> [Dataset records]:
Content starts
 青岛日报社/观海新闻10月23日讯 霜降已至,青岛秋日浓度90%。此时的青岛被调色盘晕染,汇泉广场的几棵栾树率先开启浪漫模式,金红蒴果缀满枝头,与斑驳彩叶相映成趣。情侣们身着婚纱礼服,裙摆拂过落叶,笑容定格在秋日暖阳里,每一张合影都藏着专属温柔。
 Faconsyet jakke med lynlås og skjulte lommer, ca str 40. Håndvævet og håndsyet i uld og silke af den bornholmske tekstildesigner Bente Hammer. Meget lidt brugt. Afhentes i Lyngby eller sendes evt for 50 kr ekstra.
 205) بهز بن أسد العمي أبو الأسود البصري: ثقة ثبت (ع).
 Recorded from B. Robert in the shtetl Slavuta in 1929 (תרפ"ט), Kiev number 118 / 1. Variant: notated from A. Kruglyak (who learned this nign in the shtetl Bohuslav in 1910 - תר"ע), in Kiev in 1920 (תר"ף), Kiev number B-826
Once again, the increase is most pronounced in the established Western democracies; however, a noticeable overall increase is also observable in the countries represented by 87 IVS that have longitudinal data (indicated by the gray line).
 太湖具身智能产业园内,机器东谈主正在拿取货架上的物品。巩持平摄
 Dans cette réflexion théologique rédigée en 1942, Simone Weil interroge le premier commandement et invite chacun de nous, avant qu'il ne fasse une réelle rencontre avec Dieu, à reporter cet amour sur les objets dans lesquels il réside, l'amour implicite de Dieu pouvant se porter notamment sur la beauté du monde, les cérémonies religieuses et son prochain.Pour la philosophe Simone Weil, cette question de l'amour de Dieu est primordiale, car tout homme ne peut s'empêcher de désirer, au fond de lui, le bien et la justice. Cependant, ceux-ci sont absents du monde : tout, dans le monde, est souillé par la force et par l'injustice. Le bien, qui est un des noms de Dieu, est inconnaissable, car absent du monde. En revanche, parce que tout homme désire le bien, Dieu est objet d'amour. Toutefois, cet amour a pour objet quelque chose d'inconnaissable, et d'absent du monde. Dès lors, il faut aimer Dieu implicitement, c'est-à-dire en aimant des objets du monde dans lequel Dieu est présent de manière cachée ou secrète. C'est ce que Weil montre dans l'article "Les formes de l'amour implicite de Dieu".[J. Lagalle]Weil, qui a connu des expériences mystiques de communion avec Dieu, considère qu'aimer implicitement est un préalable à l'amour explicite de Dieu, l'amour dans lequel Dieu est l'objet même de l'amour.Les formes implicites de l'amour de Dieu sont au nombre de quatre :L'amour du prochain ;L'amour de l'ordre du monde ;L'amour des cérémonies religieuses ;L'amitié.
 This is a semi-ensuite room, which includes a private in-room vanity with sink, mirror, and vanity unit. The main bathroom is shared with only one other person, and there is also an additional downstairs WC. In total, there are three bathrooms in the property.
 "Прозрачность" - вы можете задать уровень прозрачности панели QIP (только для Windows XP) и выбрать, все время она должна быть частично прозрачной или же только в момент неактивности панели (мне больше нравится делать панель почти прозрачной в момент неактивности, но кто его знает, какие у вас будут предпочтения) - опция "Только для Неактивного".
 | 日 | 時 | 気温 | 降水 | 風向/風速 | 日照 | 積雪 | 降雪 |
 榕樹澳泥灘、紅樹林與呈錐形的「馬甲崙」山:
Content ends
> [Directions for this task]: Write out the lines of the entries, word for word, from the first through the one containing "太湖具身智能产业园内,机器东谈主正在拿取货架上的物品。巩持平摄", and stop at that line.

> [Output of the task]:
 青岛日报社/观海新闻10月23日讯 霜降已至,青岛秋日浓度90%。此时的青岛被调色盘晕染,汇泉广场的几棵栾树率先开启浪漫模式,金红蒴果缀满枝头,与斑驳彩叶相映成趣。情侣们身着婚纱礼服,裙摆拂过落叶,笑容定格在秋日暖阳里,每一张合影都藏着专属温柔。
 Faconsyet jakke med lynlås og skjulte lommer, ca str 40. Håndvævet og håndsyet i uld og silke af den bornholmske tekstildesigner Bente Hammer. Meget lidt brugt. Afhentes i Lyngby eller sendes evt for 50 kr ekstra.
 205) بهز بن أسد العمي أبو الأسود البصري: ثقة ثبت (ع).
 Recorded from B. Robert in the shtetl Slavuta in 1929 (תרפ"ט), Kiev number 118 / 1. Variant: notated from A. Kruglyak (who learned this nign in the shtetl Bohuslav in 1910 - תר"ע), in Kiev in 1920 (תר"ף), Kiev number B-826
Once again, the increase is most pronounced in the established Western democracies; however, a noticeable overall increase is also observable in the countries represented by 87 IVS that have longitudinal data (indicated by the gray line).
 太湖具身智能产业园内,机器东谈主正在拿取货架上的物品。巩持平摄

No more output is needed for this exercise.